The souffle was baked in a soup plate with a wide rim and served with a teensy plate of even teensier things on the side. I didn’t take a picture of them, but I should have because it was these little white things that I dreamed about. They were itsy-bitsy meringue puffs — a nice crunchy go-along for the soft souffle. But this morning, I woke up thinking that it wasn’t just meringues in the bowl. I think there was a little bit of whipped cream, too — just enough to coat the meringues. Was I dreaming? Maybe. But now I’ve got this idea of meringue and whipped cream in my head and I’m liking it. I don’t think I’ve seen the combination presented in just this way before, but suddenly it makes perfect sense to me and it’s the way I want to serve whipped cream with puddings. Wouldn’t it be great with chocolate pudding? And wouldn’t it be even greater if the meringues were spiced? It seems a very play-aroundable idea.
The souffle was pretty straight-forward compared to this dish
This was my starter, billed as a baby squid and broccoli salad, which is exactly what it was. But what, you might ask, as I did, were those midnight-black cubes pretending to be croutons? They were very crunchy and kind of porous. Definitely a vegetable, but not one with a flavor so distinct that we could name it.
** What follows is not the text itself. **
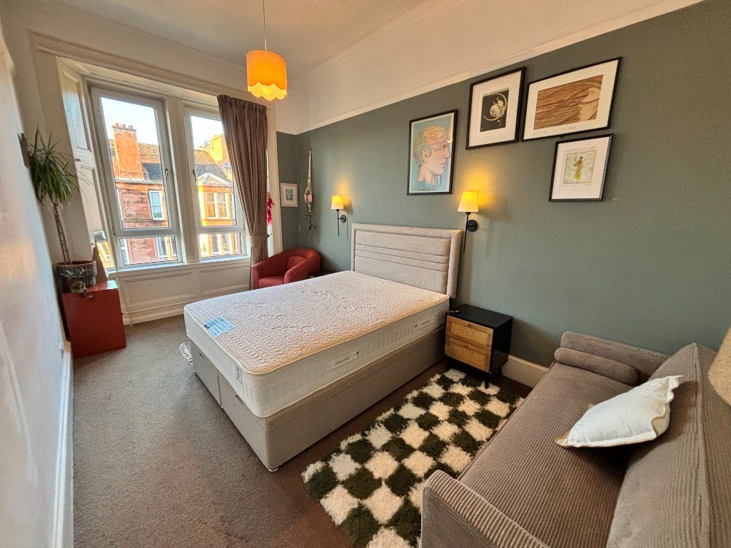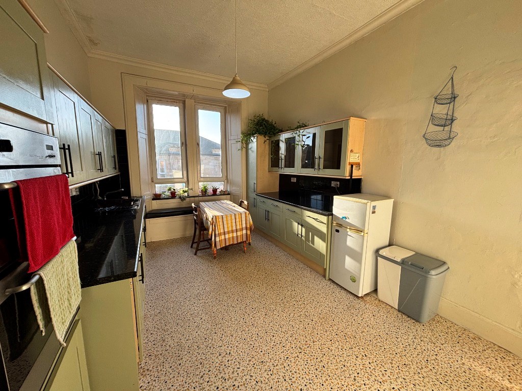 One Stop Properties are delighted to present this HUGE corner flat in the heart of Dennistoun. Situated on the third floor, this furnished flat comprises: large and welcoming reception hall with parquet flooring, large corner lounge with dual aspect windows and feature fireplace, HUGE dining sized kitchen, 2 good sized double bedrooms (one with feature fireplace), stylish bathroom with shower and lots of storage. The property has gas central heating, double glazing and security entrance.

We assumed, correctly, that whatever the vegetable was, it had been dyed black with squid ink In a move that struck me as amusing, the chef had started with black radish (which you would have thought would have been immediately guessable, because it’s not a wallflower vegetable, but I think we were thrown off by the color) and then tinted it an even darker shade of black with the squid ink.